# What's the best way to fix a bent brake lever?



## mothahucker (Feb 6, 2006)

Yesterday I did a full-on over-the-bars scorpion faceplant in a nasty rock garden at keystone and put a slight bend in my left lever on my avid juicy fives. Whats the best way to straighten them? Should I just have at it with a vice grip or should I heat it up first or what?


----------



## XSL_WiLL (Nov 2, 2004)

Replace them. The levers did their job and bent. Bending it back can stretch and fatigue the metal. You don't want that stuff to snap on you.


----------



## hamachi (May 9, 2006)

yeah, i would recommend getting a new one as well...


----------



## moshelove (Jun 8, 2005)

I bent my shimano deore hydro level falling off of a 6 foot cliff on the side of a trail, it was bent about 25 degrees. Substantially to where I wouldn't be able to really work it. I bent it back with my hand. That was almost a year ago. Still no problems. I am not going to replace it. It will not break in my hands, only on a crash. If I crash, I am already in trouble. I will replace it then. Your call.


----------



## Guest (Jun 21, 2006)

moshelove said:


> I bent my shimano deore hydro level falling off of a 6 foot cliff on the side of a trail, it was bent about 25 degrees. Substantially to where I wouldn't be able to really work it. I bent it back with my hand. That was almost a year ago. Still no problems. I am not going to replace it. It will not break in my hands, only on a crash. If I crash, I am already in trouble. I will replace it then. Your call.


Exactly, bend it back best you can, heat helps....Taking it off the lever body is a good idea
If it doesnt bend from the pressure of a super hard squeez after bend back, then it shouldnt during riding, unless you crash... then replace it anyway

Happens on the MX bike for me all the time....

like said above, your call


----------



## carl0s (Nov 1, 2005)

bent my lever in practice for a race. got the old lighter out, heated the lever at the bend and bent it back. wasn't perfect but good enough to race on and ride for the next 3 months with.


----------



## kristian (Jan 20, 2004)

*The best way to bend them straight*

If you're on the trail and need to bend it back straight, take your seat post off, stick the bent lever in the hollow of your seat post and use the leverage (length) of the post to bend it back straight. It is a lot easier to fine tune the bend with the seat post. Work slowly and take extra care not to bend it back TOO far so you've got to bend it back the other way to get it straight again because that will cause extra fatigue.

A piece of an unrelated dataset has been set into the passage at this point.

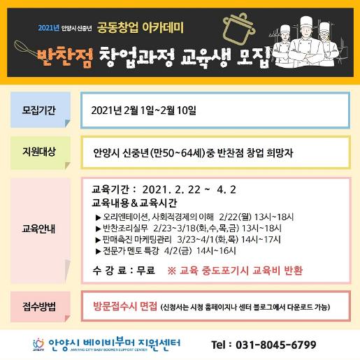 반찬전분 분야 창업아카데미 과정은 다음 달인 2월 22일부터 4월 2일까지 전문 강사진에 의해 안양시여성인력개발센터와 안양시일자리센터 교육장에서 진행될 예정이다.

A bent lever _should_ probably be replaced when you finish your ride, but I figure that they are good for one bend back. Bend it a second time and it should be replaced ASAP.


----------



## zerossix (Jul 25, 2004)

carl0s said:


> bent my lever in practice for a race. got the old lighter out, heated the lever at the bend and bent it back. wasn't perfect but good enough to race on and ride for the next 3 months with.


that was probably worse then just straight bending it. heating stuff up can change the brittleness making it more suseptable (sp?) to snapping.

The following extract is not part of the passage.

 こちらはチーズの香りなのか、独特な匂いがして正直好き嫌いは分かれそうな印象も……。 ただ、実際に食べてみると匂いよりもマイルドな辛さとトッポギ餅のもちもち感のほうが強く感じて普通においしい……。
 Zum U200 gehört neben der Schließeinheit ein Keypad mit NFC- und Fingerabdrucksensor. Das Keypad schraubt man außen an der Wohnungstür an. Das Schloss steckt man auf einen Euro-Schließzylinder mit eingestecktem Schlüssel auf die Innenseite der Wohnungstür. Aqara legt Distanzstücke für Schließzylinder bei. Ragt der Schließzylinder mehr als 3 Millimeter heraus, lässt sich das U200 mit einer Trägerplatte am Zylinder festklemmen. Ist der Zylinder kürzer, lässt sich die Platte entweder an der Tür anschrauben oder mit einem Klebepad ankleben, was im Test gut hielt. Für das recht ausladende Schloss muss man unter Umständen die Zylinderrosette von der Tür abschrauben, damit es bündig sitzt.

i've bent pretty much every brakelever i've owned for the past year or so and just bent everyone back using my hands, on the trail, during a race run, or jsut at work. theres no good way to bend it and its kinda sketchy but as long as you keep any eye on it you should be fine. they wont break, a bent lever is gunna be weaker and that bend point, and only in that direction, the vertical i guess it may be... but yeah when your pulling on your lever your pulling perpidincular to that bend so your not really putting it through too much more stress after its been bent.


----------



## mtb_biker (Jan 27, 2004)

What you want to do is gradually bend it back. I would not suggest heating them at all. Aluminum does not become easier to bend when you heat it up like steel does.


----------



## finchy (Jan 21, 2004)

take it out the lever, put it in a vice, bend t back, if it is stil messed then replace it... levers bend all the time inorder to protect the master cyclinders and all that other fancey crap inside the lever


----------



## dminor (May 15, 2006)

Is there an echo in here? You asked the same question yesterday . . . and you are getting many of the same kinds of answers.

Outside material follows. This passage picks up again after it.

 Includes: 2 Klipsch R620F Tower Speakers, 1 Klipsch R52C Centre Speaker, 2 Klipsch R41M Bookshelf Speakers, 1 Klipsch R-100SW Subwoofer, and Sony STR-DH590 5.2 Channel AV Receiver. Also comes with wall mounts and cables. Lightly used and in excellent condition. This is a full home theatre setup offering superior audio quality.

And what a waste to replace them without _trying_ to bend them back first. It's not a structural part. The worst that can happen is it'd break; _then_ you can replace it.


----------



## Guest (Jun 21, 2006)

Or even just buy a new one and have it ready for the bent one to break


----------



## mothahucker (Feb 6, 2006)

dminor said:


> Is there an echo in here? You asked the same question yesterday . . . and you are getting many of the same kinds of answers.
> 
> Haha, yeah, i did, but I couldnt find the thread again so I just typed a new one thinking it got deleted somehow. my bad..


----------



## fred.r (Sep 8, 2005)

A prob. not so "safe" way but worked fine for me was to just stick a small pipe over the bent lever and bend it back using the pipe for leverage. May have put a weak spot in the lever but does it really matter, I doubt it's going to break off even under the hardest breaking you can do with two fingers....


----------



## Raptordude (Mar 30, 2004)

Do yourself a favor and look at this as a excuse to get Dangerboy levers for Juicy's. You'll proaboboly like them more.

If you're gonna be cheap and risk it, then if you have a vice that would help out. Stick the lever blade in the vice and use your body weight to approximatley straighten it. But really, use this as a excuse to get ne pimpin brake levers.


----------